Miranda’s Birthday

When I started working at ICA in 2009, everyone agreed the museum needed a blog but no one wanted to write it. Poke around the web and you’ll find that almost every museum, large or small, has a blog these days, but for the most part reading them makes you think that the people who write them aren’t having much fun. You can find information in those pixels, but not a lot of inspiration or delight. As a former columnist, and also a novelist, I thought it would be nice to write a kind of online ICA column, made up of little essays and stories that not only described the cool stuff going on at ICA but also seriously explored the work of museums: what curators do, how art is moved around, even how money is raised. I also wanted it to be fun to read.

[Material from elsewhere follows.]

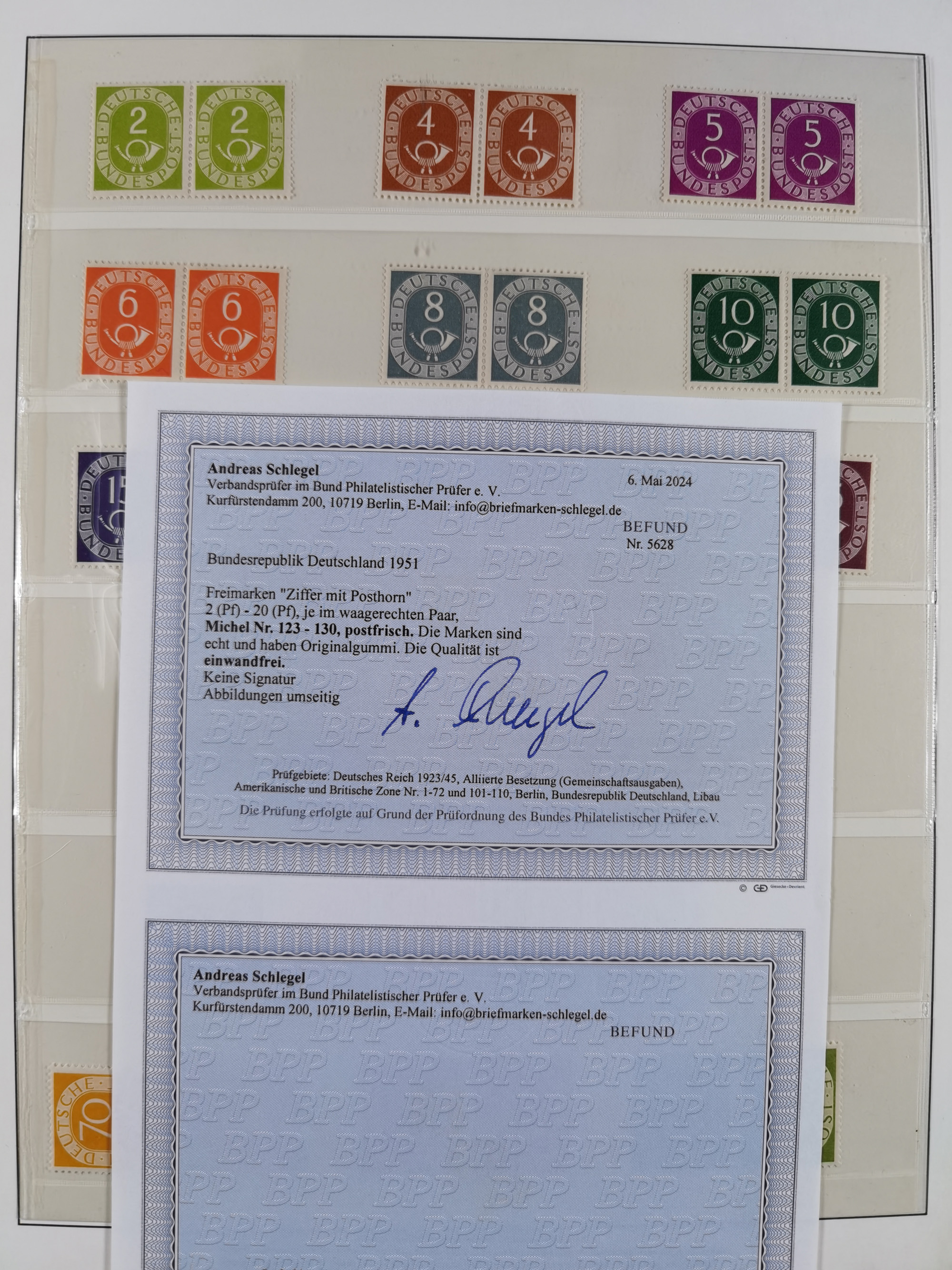 1949/82, in den Hauptnummern komplette postfrische Sammlung inkl. Posthornsatz und Heuss 50 und 60 Pfg. je mit Fotoattest Schlegel BPP, gute Erhaltung, in drei Vordruckalben
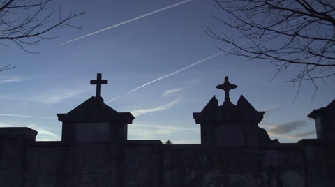 Sad woman sitting at a grave lit by burning candles

Luckily for me, ICA liked the idea. In a fit of inspiration, our director Claudia Gould named the blog after my recently deceased corn snake, Miranda. It seemed like a fine choice. The name is derived from the Latin word “mirare”—to admire—and can mean something worth looking at or deserving of admiration. It’s also a nice way to remember my snake.
Miranda snake in pocket

Miranda snake in pocket

This month, we are celebrating Miranda’s first birthday!

Please send her your birthday wishes. You can use the comments field below for congratulations, compliments, and also suggestions for the coming year. You can post haiku, prose poems, anagrams, koans. Even better, send birthday flowers—or birthday mice!—by attaching images to an email care of me. If we get enough, we’ll post these in a special Miranda at the end of the month, with a free ICA catalog for the sender of the most inventive gift.

As an even better birthday tribute, email me to sign up for our Miranda mailing list, so we can let you know when there’s a new post.
Miranda: Foil snake by Adam_5.13.10

Foil snake by Adam Blumberg. Photo: Robert Chaney

A year ago we published the first blog posts, about me trying to count the people coming in the door for the Queer Voice opening, why public programs are important, and what Chuck Close said in his roast of Lisa Yuskavage at our annual benefit. May is also the month of my own birth. There has been some confusion between me and Miranda, and for the most part that’s okay, as we do largely share one another’s opinions. Miranda is perhaps a little jauntier than I am, and occasionally more sentimental. Looking back over the year’s work, I see that I no longer manage to post twice a week (though only twice have I ever missed a week’s posting). On the other hand, my use of photographs is much improved. These days I try to make them part of the narrative, not just incidental decoration.
Snake drawing on wood

Cobra on Wood by Nick Payne. Photo: Carina Romano

I’ve been looking back over some of my favorite posts. I still really like the first one, which talks about my aspirations and gives a sense of daily ICA life:

http://www.icaphila.org/miranda/video-art-replay/miranda-opening-3/

I’m fond of this one, that connects architect Anne Tyng to Odysseus’s Penelope:

http://www.icaphila.org/miranda/anne-tyng/anne-tyng-platonic-solids-and-penelopes-bed/

and this one about the mystery of art crates:

http://www.icaphila.org/miranda/mineral-spirits-anne-chu-and-matthew-monahan/big-truck-unloading/.

People really enjoyed these two, about departing staff members, Head Preparator Shannon Bowser and Curator Jenelle Porter:

http://www.icaphila.org/miranda/miscellaneous/talk-to-the-boss/

http://www.icaphila.org/miranda/curating-and-curators/778/

This one, about the de-installation of Virgil Marti’s exhibition, Set Pieces, is the silliest and most poetic:

http://www.icaphila.org/miranda/set-pieces/elegy-for-an-exhibition/.

I hope you have enjoyed Miranda so far, and that you’ll continue to follow her.

Virtual coils

slithering through the white cube:

throw the doors open!
Snake collage Miranda

Snake collage Miranda

Snake images above (except the real Miranda) by members of ICA’s fabulous installation crew.